ACTIVITY >> Exact reproduction is required for the lines below starting at the line with "코웨이 앱을 통해 정수기" and ending at the line with "夏の強い日差しを避けて、夏ら", both included. No other lines, and no pictures.

[EXTRACTED ENTRIES — start]

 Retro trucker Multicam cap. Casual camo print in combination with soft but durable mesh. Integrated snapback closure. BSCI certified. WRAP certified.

[EXTRACTED ENTRIES — finish]
[EXTRACTED ENTRIES — start]

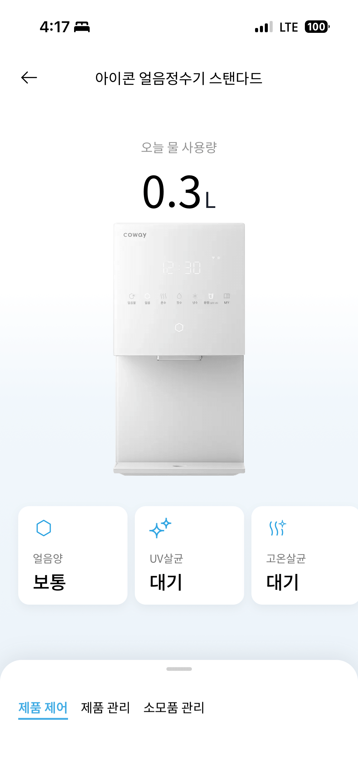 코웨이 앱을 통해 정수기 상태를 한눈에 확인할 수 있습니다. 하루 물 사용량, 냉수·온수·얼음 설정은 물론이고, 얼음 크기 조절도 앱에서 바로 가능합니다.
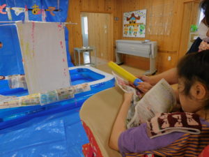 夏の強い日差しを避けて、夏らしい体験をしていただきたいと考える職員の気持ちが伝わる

[EXTRACTED ENTRIES — finish]

WRITTEN SOLUTION >>
 코웨이 앱을 통해 정수기 상태를 한눈에 확인할 수 있습니다. 하루 물 사용량, 냉수·온수·얼음 설정은 물론이고, 얼음 크기 조절도 앱에서 바로 가능합니다.
 夏の強い日差しを避けて、夏らしい体験をしていただきたいと考える職員の気持ちが伝わる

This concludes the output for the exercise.